Erik darling: It’s the agile way.
Brent Ozar: Amy says, “Yes I am, thank you.” I figured someone would stab me for that.
How should I diagnose ASYNC_NETWORK_IO?
Brent Ozar: Samuel asks, “What are the next steps in diagnosing async network I/O waits when I’ve confirmed that networking is not the issue?”
Erik Darling: Doesn’t it sound like it should be the network?

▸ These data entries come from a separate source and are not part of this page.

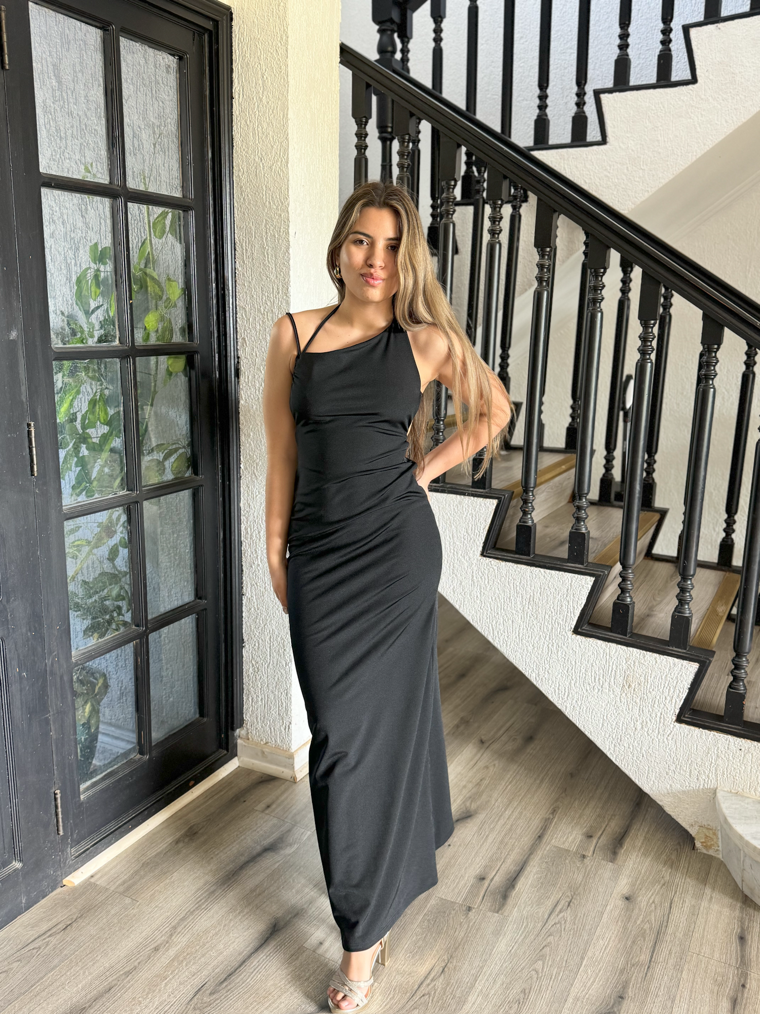 Luce espectacular en cualquier ocasión especial con el Vestido Diva, un vestido largo diseñado para resaltar tu figura y aportar elegancia en cada movimiento. Su escote desigual crea un efecto sofisticado y moderno, mientras que el elástico en la zona de los glúteos realza y define la silueta de manera favorecedora, proporcionando un ajuste cómodo y estilizado. La caída de la falda es fluida, ofreciendo un movimiento femenino y elegante que lo hace perfecto para fiestas, eventos o celebraciones especiales.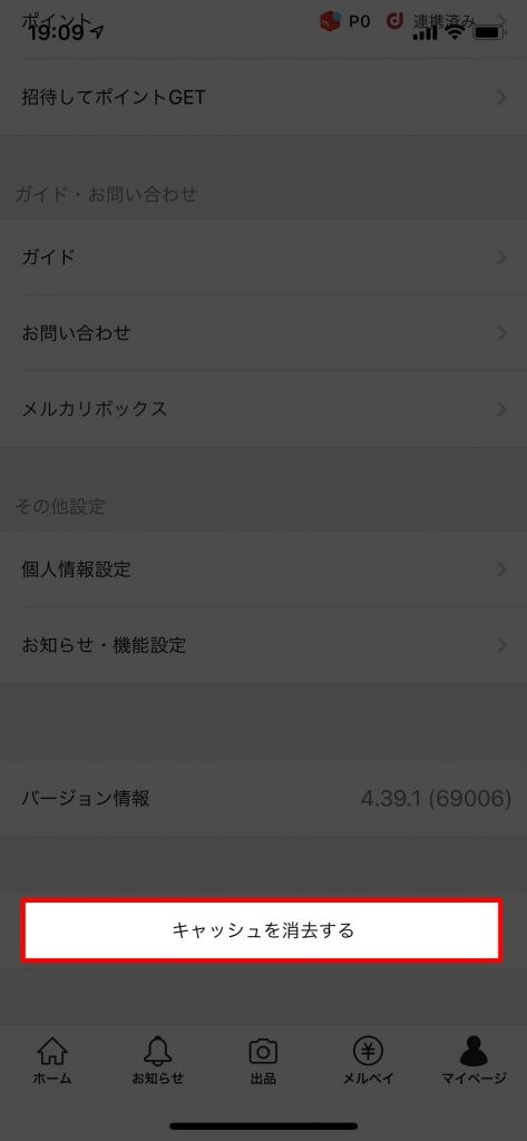 メルカリアプリの「お知らせ」で通知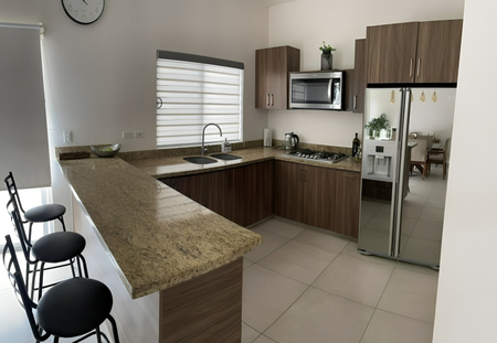 - Cocina integral con cubierta de granito, equipada con estufa, campana y refrigerador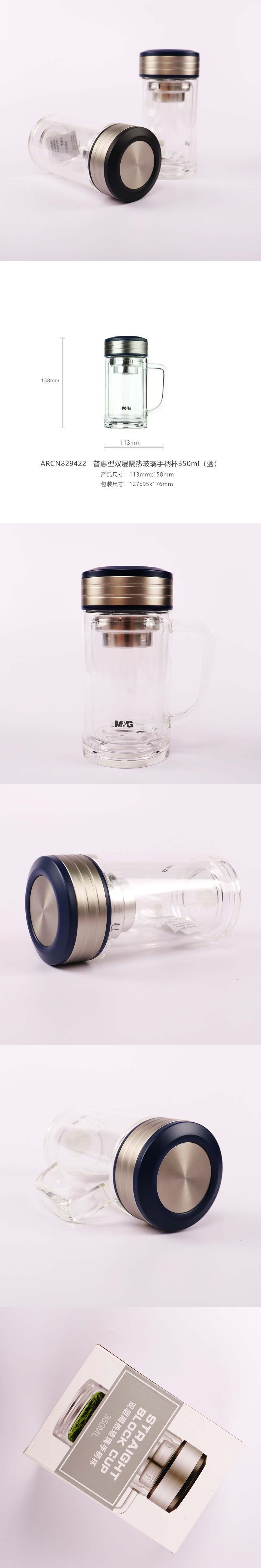晨光普惠雙層隔熱手柄杯350ml黑ARCN8294 自營(yíng)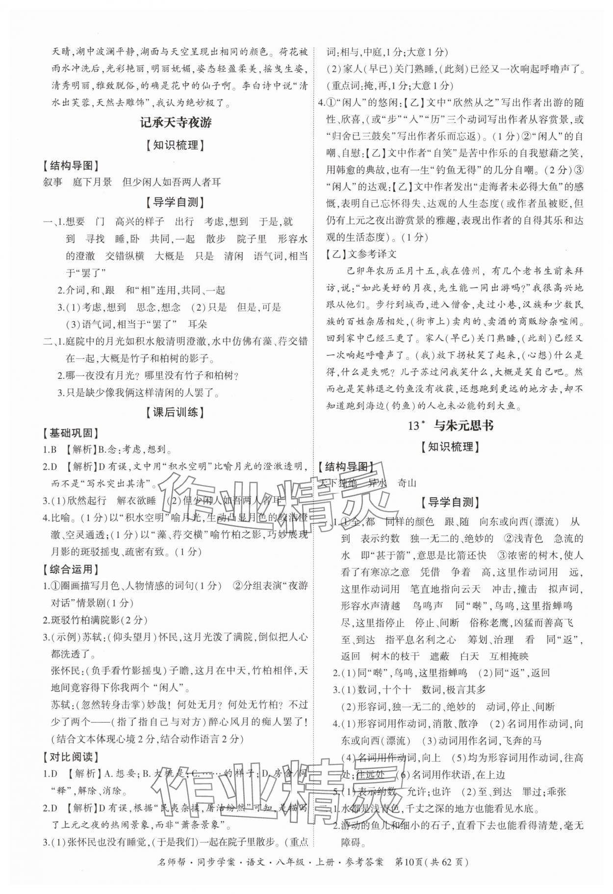 2025年名师帮同步学案八年级语文上册人教版 参考答案第10页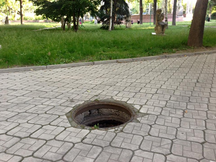«В Дубовом Парке на тротуаре нет крышки канализационного люка, а ведь столько народу с детьми гуляют. Просим принять меры».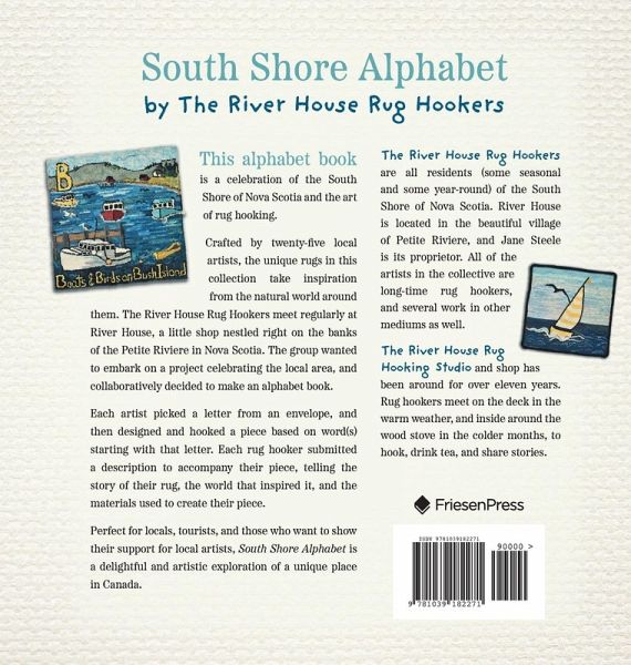 This alphabet book is a celebration of the South Shore of Nova Scotia and the art of rug hooking. Crafted by twenty-five local artists, the unique rugs in this collection take inspiration from the natural world around them. The River House Rug Hookers meet regularly at River House, a little shop nestled right on the banks of the Petite Riviere in Nova Scotia. The group wanted to embark on a project celebrating the local area, and collaboratively decided to make an alphabet book. Each artist picked a letter from an envelope, and then designed and hooked a piece based on word(s) starting with that letter. Each rug hooker submitted a description to accompany their piece, telling the story of their rug, the world that inspired it, and the materials used to create their piece. Perfect for locals, tourists, and those who want to show their support for local artists, South Shore Alphabet is a delightful and artistic exploration of a unique place in Canada.

Brent Ozar: Yes – so many [crosstalk]
Erik Darling: Oh, that’s good. I would start with checking your SQL Server code and see if you’re running any scalar functions or cursors in there that might be sending results to your application one row at a time. The next thing I would check is your actual application code and see if they’re doing any processing on a dataset that comes in, in like a four-reach loop; where they’ll take a row and do some processing and then another row and do some processing. Because typically what async network I/O is, is when SQL is basically shooting data at a client and the client’s not saying that it has all the data because it’s doing a bunch of stuff client side.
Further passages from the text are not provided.